March 18th
Several days before the dreaded 41st birthday. Fuck I hate the number 4. It is an ugly number. Crawling deeper into the pit of 40 has me glum. I know it is just a number - at least that is what the strategic Dove campaign keeps telling me. If I was where I wanted to be physically I could believe that. I don't mean to sound like a jerk. I just think that it is a hell of a lot easier to believe all that " love you for you " crap when you are the you that you want to be . If you are striving or wishing to look different then it just rings hollow. Although there are days when you can fool yourself into believing it ! The days when you really want that piece of chocolate. Today was a shitty day at school. Some of my kids thought it would be so much fun to step in red paint and then run all over the halls and into the bathroom. And you know , it would probably be somewhat cute if they were 5 or even 6 - but the fact that they are 13 made it really fucking stupid. This too will pass. The glass of red wine in my hand is helping.
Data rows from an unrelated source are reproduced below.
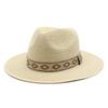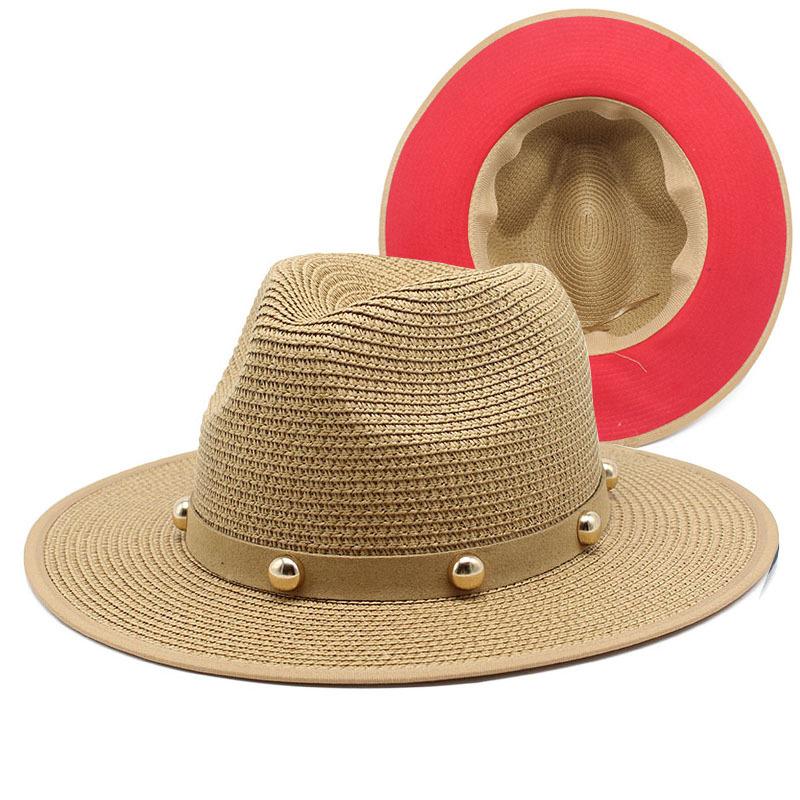 Ethnic Style Retro Red Background Color Matching Straw Hat Men'S And Women'S Sunshade, Sun Protection And Uv Protection Straw Woven Panama Top Hat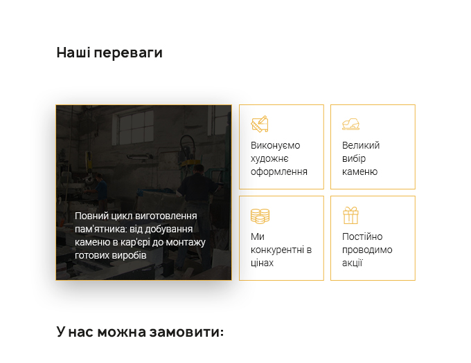 - замовлення авторських проєктів для пам’ятників;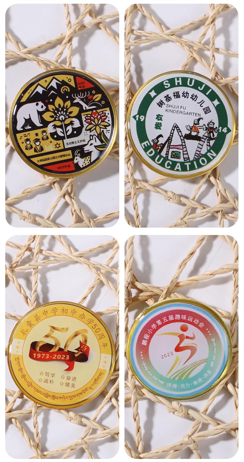 Insignia de metal con impresión a color, insignia de epoxi, insignia escolar, insignia de esmalte, medalla conmemorativa, personalización de logotipo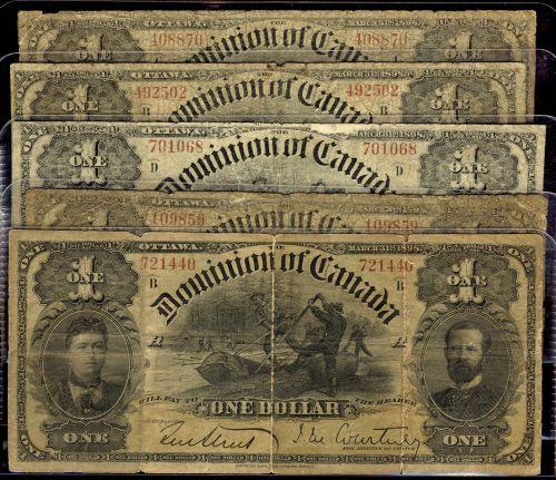 Lot of 5 DC-13a 1898 $1 notes. Grades vary from Good to VG.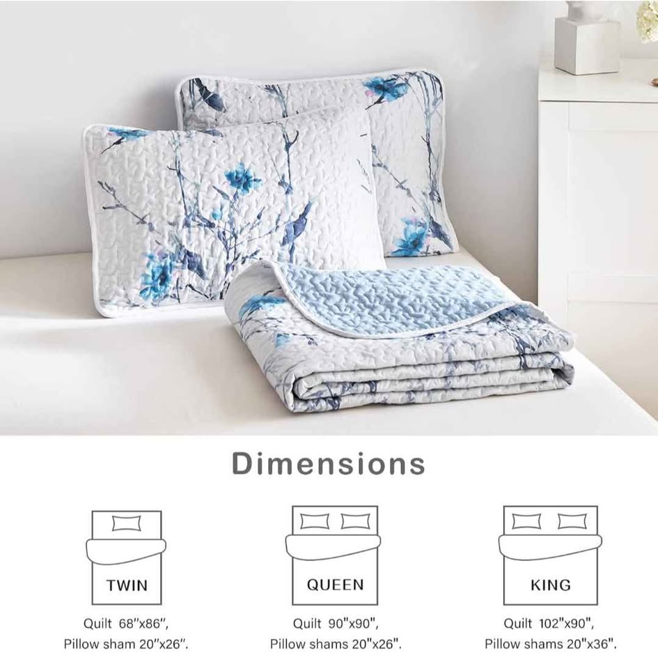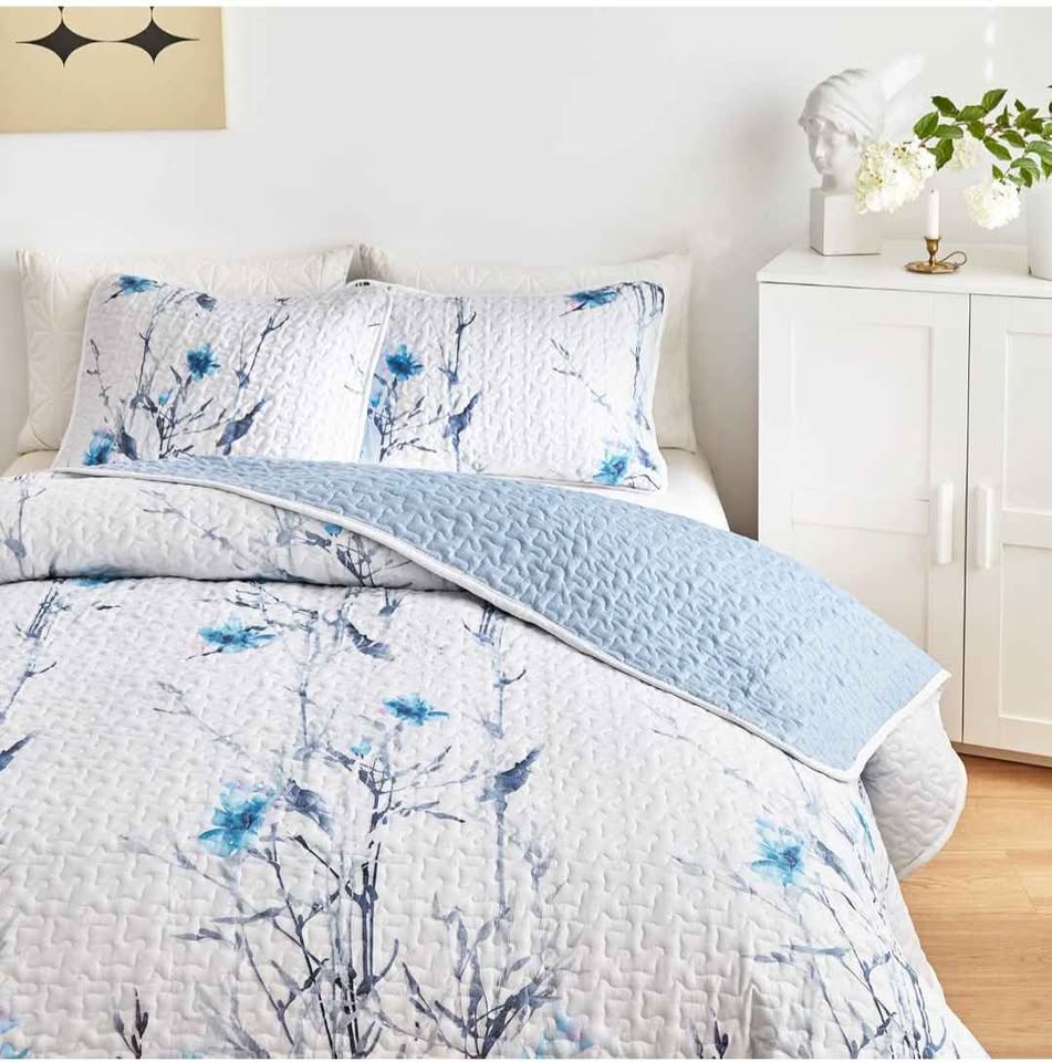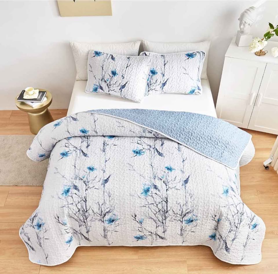 Is Botanical Quilt Set ke saath apne bedroom ko dein ek fresh aur elegant look. White background par blue flower aur branch print room décor ko stylish aur soothing banata hai. Reversible design ki wajah se yeh bedspread har season ke liye perfect choice hai.

I am just feeling really unsettled and I am not really sure why. It could be the weather. It could be the fact that I wish that I had a lot more money. It could be that I know I should be at the gym right now. It could be because I do not feel like myself. It could be because I am in some sort of pathetic midlife crisis thing. I seriously looked in the mirror yesterday and wondered who the hell was looking back at me. I need to lock myself away somewhere and come to terms with whatever it is . I am not fun to be around right now!